→ EXERCISE DATA
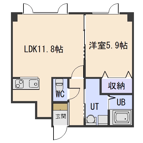 1LDK(41.69m²)└ LDK11.8帖 洋室5.9帖
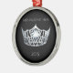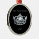 Enfeites de natal mostrados em uma forma redonda com uma coroa de prata bonito, com texto do fundo Prata-Cinzento e preto da cor. Mostrado com fita vermelha e a prata orlaradas. Personalize este artigo com sua nome, data ou outro pessoal da representação histórica.
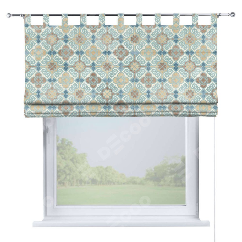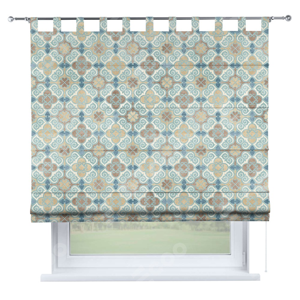 Римская штора производителя «Cortin», используется для проёма, пошита из ткани блэкаут с нанесением сублимационной печати «Фарида». Данная модель пошита на петлях, комплектуется на выбор круглым карнизом и подходит для монтажа на стену. Римская штора на петлях имеет простую систему регулировки высоты, отличительным преимуществом данной модели является простой способ монтажа. Достаточно повесить ее на трубу и штора готова!
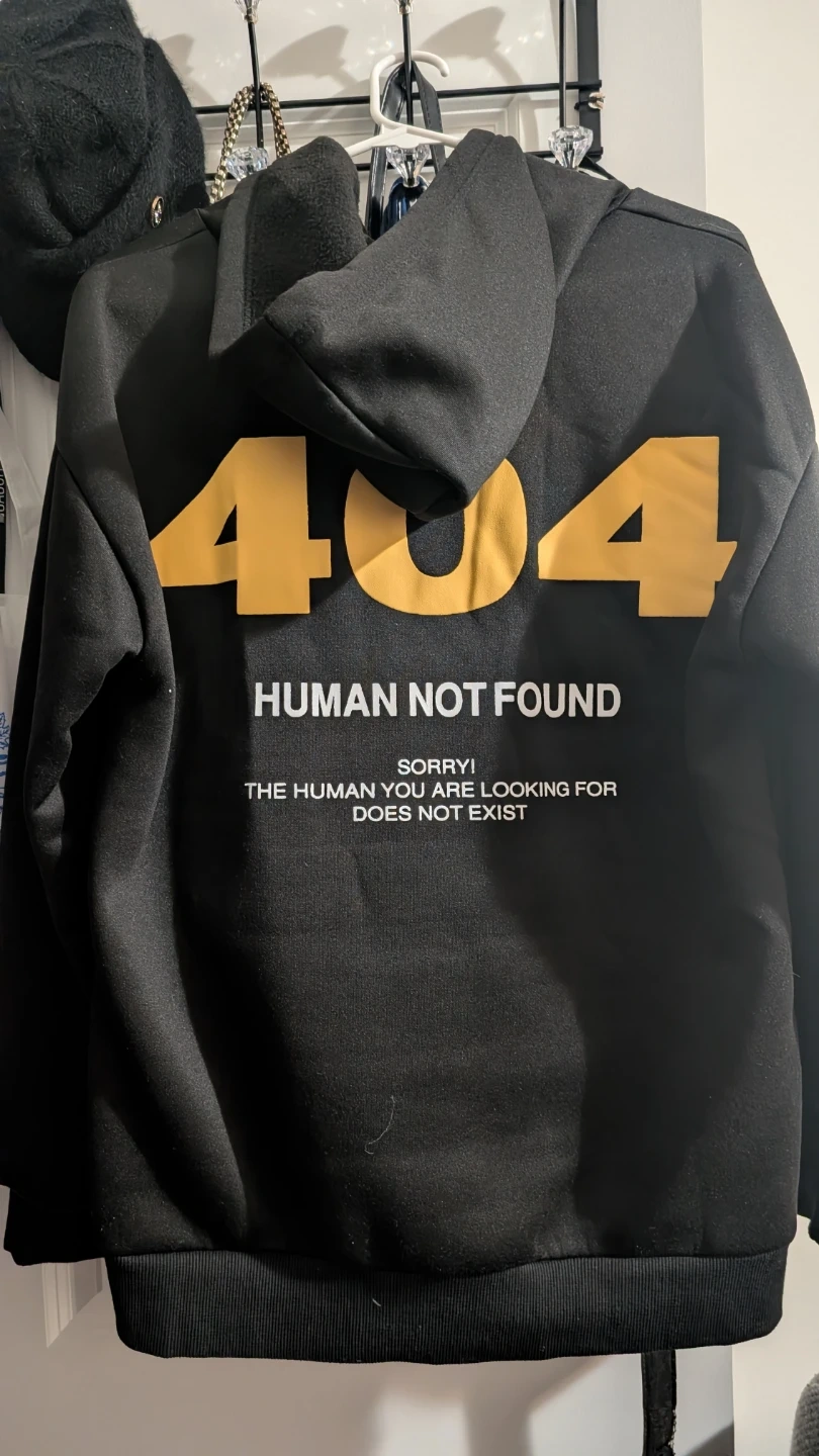 Buy & SellBlack "404 Human Not Found" HoodieBlack "404 Human Not Found" Hoodie$12Black hoodie with "404 Human Not Found" graphic on the back. Features a front pouch pocket and a hood. ConditionLike newSizeLarge WHERE TO MEETFowley parkView MapSELLERverifiedKanojoPost Rd781 review0 chats·0 favorites·10 viewsSEND CHAT TO SELLERHi Kanojo! I’m interested in your listing.Hi Kanojo! I’m interested in your listing.Get the Karrot app to chatSign In to chat

→ GOAL OF THE EXERCISE
Output the lines above in full and exactly as given, omitting any pictures.

→ SOLVED EXERCISE
 1LDK(41.69m²)└ LDK11.8帖 洋室5.9帖
 Enfeites de natal mostrados em uma forma redonda com uma coroa de prata bonito, com texto do fundo Prata-Cinzento e preto da cor. Mostrado com fita vermelha e a prata orlaradas. Personalize este artigo com sua nome, data ou outro pessoal da representação histórica.
 Римская штора производителя «Cortin», используется для проёма, пошита из ткани блэкаут с нанесением сублимационной печати «Фарида». Данная модель пошита на петлях, комплектуется на выбор круглым карнизом и подходит для монтажа на стену. Римская штора на петлях имеет простую систему регулировки высоты, отличительным преимуществом данной модели является простой способ монтажа. Достаточно повесить ее на трубу и штора готова!
 Buy & SellBlack "404 Human Not Found" HoodieBlack "404 Human Not Found" Hoodie$12Black hoodie with "404 Human Not Found" graphic on the back. Features a front pouch pocket and a hood. ConditionLike newSizeLarge WHERE TO MEETFowley parkView MapSELLERverifiedKanojoPost Rd781 review0 chats·0 favorites·10 viewsSEND CHAT TO SELLERHi Kanojo! I’m interested in your listing.Hi Kanojo! I’m interested in your listing.Get the Karrot app to chatSign In to chat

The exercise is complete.